**broken link removed**
It had been a hell-of-a day: up at the crack of 8:30am. Had to drive ten miles to a pub in the country for lunch and a pint with the misuse. A couple of hours in the library in Weston super Mare reading the papers. Coffee and donut in The Coffee House and finally managed to get on the laptop by 7pm after dinner. Ploughed through the thousand-and-one emails: get a Tai wife for £200, fabulous holidays from Saga, cure for your erection problems, you have won $10, 000, and so on.
Then got down to the real stuff… ETO, electronics, computers, and a bit of Wikipedia editing. After a while I fancied a beer but, like a half-wit, managed to splash a small amount of beer on the Ultrabay door at the side of the Lenovo T520 laptop. This caused Win10 to report that the Hitachi Travelstar 1 TB Hard Disk Drive (HDD) in the Ultrabay could not be accessed on the next reboot. As this HDD contains all my user files, which had not been backed up since end Dec 2015, I was in a state of doom and gloom.

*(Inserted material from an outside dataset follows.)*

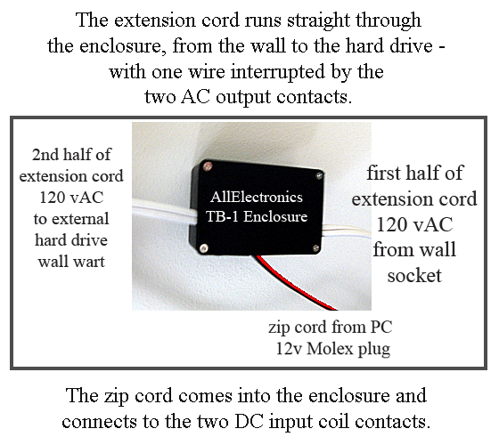 Su recinto ahora debe verse así. Quizá quieras enchufarlo en la pared, enchufe una lámpara en el otro extremo y conecte el cable de zip a un 12v fuente o (9v batería voluntad trabajar) - la lámpara debe encender y debe apagar cuando se quita la tensión del cable de zip.

I tried to revive the HDD by drying off a drop of beer on it, then baking it at 60 deg C for 2 hours, then washing it in isopropyl alcohol (IPA) and baking it at 60 deg C for 24 hours, but all to no avail- the platter simply refused to spin up. What annoys me is that I have been so stupid and not backed up for that long, especially as 4TB of Network Access Storage (NAS) is on-line in our house, so it was just a matter of pressing the button to do the job.
In desperation, I Googled data recovery firms. The first to pop up was Fields Data Recovery who advertised a not-to-bad charge of £130 UK to recover the data from your hard drive. But when I Googled them for problems I found they were a rip off outfit, with many shadow companies, who did more damage than good and also ended up charging a fortune for ‘extras’. http://forums.moneysavingexpert.com/showthread.php?t=2520295#topofpage
But Kroll On Track have good reports, but are hellish expensive at £300 UK to £1.2K UK depending on the work involved, so I intend to send off my errant HDD to them to get a free quotation. Fingers crossed that it is not more than the former or I won’t bother. http://www.krollontrack.co.uk/data-...Eow5dK0G9_2AJk35QEyuBDYd-cDOayuw0DhoCQczw_wcB
You tend to learn from your experiences, good or bad. For example, I always thought that HDD platters and heads were contained in a hermetically sealed chamber with a small valve to release any air pressure, but this is not the case. The mechanical parts are in a chamber but the hole only has a filter over it to prevent debris ingress. I also found out about the dark side of data recovery services.